Keuangan 'Hancur' di Tengah Krisis Moneter
Merpati kemudian mulai mengoperasikan A310 dan A300-600 untuk digunakan pada rute ke Australia. Pesawat terbang BAe ATP milik Merpati lalu dinyatakan tidak laik terbang di tengah tetap harus membayar sewa.
Alhasil, kondisi keuangan Merpati semakin memburuk saat krisis finansial 1997 mulai terjadi.
Pada 1997, semua saham perusahaan ini akhirnya diambil kembali oleh pemerintah Indonesia, sehingga perusahaan ini kembali menyandang status persero. Setelah melakukan sejumlah pembenahan, pada 1999 diumumkan bahwa Merpati berhasil kembali mencatatkan laba operasi.
Kecelakaan Pesawat
Pada 2 Agustus 2009, sebuah Twin Otter milik Merpati jatuh di pegunungan di Papua. Peristiwa ini menewaskan seluruh penumpangnya yang berjumlah 13 orang dan tiga orang kru.
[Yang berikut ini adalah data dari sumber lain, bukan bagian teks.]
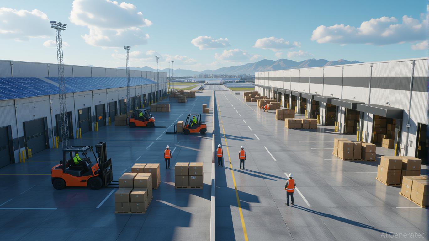 venue/architecture Edificio industrial con trabajadores y montacargas. Inmobiliare Summits presenta lo último en inmuebles industriales en México y LATAM.
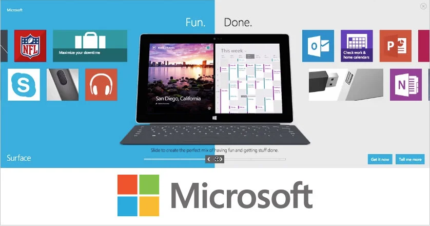 A rich media pushdown ad created for Microsoft to announce the Surface tablet. The interactive ad allows users to drag a slider navigation to reveal more "Fun" or "Done," representing the ability to multitask on the Surface.

Peristiwa yang sama pun terjadi pada 7 Mei 2011, di mana satu unit pesawat Xian MA60 milik Merpati dengan kode registrasi PK-MZK juga jatuh di perairan Kaimana, sehingga menewaskan seluruh penumpangnya yang berjumlah 21 orang dan 6 orang kru.
Kecelakaan tersebut membuat sejumlah pihak mempertanyakan keputusan Merpati untuk memesan Xian MA60, serta menduga adanya penggelembungan harga dan kolusi pada proses pemesanannya.
Utang Pembelian Avtur
Pada Oktober 2011, Pertamina menghentikan pasokan avtur ke Merpati di Surabaya dan Makassar. Hal ini dikarenakan adanya utang pembelian avtur senilai Rp270 miliar, sehingga operasi Merpati di kedua bandara tersebut terhenti.
Total utang Merpati ke Pertamina adalah sebesar Rp550 miliar, yang terdiri dari utang pokok sebesar Rp270 miliar, dan sisanya berupa bunga dan denda.
Namun, beberapa waktu kemudian, operasi Merpati di kedua bandara tersebut dapat berjalan normal kembali.
Pada 2012, Merpati menutup 20 rute yang merugi, meluncurkan situs web dan pusat panggilan baru, serta menjalin kerja sama pengangkutan kargo dengan Pos Indonesia.